The Institute for Supply Management's November manufacturing index released Monday hit 57.3, the strongest reading since April 2011. The uptick in U.S. manufacturing activity sank gold prices as positively trending economic data makes the yellow metal less appealing.

COMEX Gold for February delivery was dropping $25.50 to $1,224.90 an ounce. The gold price traded as high as 1,251.20 and as low as $1,223.70 an ounce, while the spot price was losing $24.13.

"It's a dim beginning for December," George Gero, precious metals strategist at RBC Capital Markets, said in a phone interview from New York. Gero said the solid manufacturing data triggered a drop in bond prices and an increase in yields -- a move that he said takes away the inflationary hedge for gold -- and a strengthening of the U.S. dollar.

Gold booked its worst November decrease since 1978, according to David Govett, Marex Spectron's head of precious metals. The fall came as market participants continue to anticipate the Federal Reserve to scale back its economic stimulus program -- a move that many analysts said could happen sooner rather than later due to the improving U.S. economic data.

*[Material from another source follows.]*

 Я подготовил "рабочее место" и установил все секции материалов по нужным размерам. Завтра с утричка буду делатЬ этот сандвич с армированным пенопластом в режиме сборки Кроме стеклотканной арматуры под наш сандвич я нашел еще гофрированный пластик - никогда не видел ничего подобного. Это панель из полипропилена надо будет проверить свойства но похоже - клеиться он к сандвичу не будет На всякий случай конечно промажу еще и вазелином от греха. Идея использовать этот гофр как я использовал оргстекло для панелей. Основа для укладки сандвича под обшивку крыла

The Fed has reiterated that it would begin to "taper" its $85 billion in monthly purchases of mortgage backed securities and longer-term Treasuries when the economy showed enough improvement to be able to sustain such a move.

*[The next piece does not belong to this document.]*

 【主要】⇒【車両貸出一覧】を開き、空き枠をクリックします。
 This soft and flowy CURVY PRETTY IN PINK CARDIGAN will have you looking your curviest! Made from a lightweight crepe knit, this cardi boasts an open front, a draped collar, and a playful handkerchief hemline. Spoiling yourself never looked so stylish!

Gold's appeal among investors since the Fed began quantitative easing after the 2008 financial crisis has been as a hedge against inflation. While many economists argue that the Fed's monetary stimulus could have long-term effects on inflation, monthly data hasn't supported such an event, at least in the immediate term. The lack of an inflationary environment coupled with the Fed's pullback would suggest even less inflationary pressure ahead.

Improving economic data, like the November manufacturing survey that printed on Monday, adds more evidence that the Fed's stimulus actions are becoming less necessary, giving central bankers reason to scale back asset purchases sooner than expected.

Silver prices for March 2014 delivery were dropping 58 cents to $19.46 an ounce, while the U.S. dollar index was gaining 0.3% to $80.89.

The kickoff last Friday to the U.S. holiday shopping season showed higher volumes of purchases but lower spending from a year ago. This news though wasn't enough to offset the big losses in gold and silver prices.

Gold ETF SPDR Gold Trust (GLD) was sliding 2.1% to $118.16, while iShares Gold Trust (IAU) was off 2.1% to $11.88.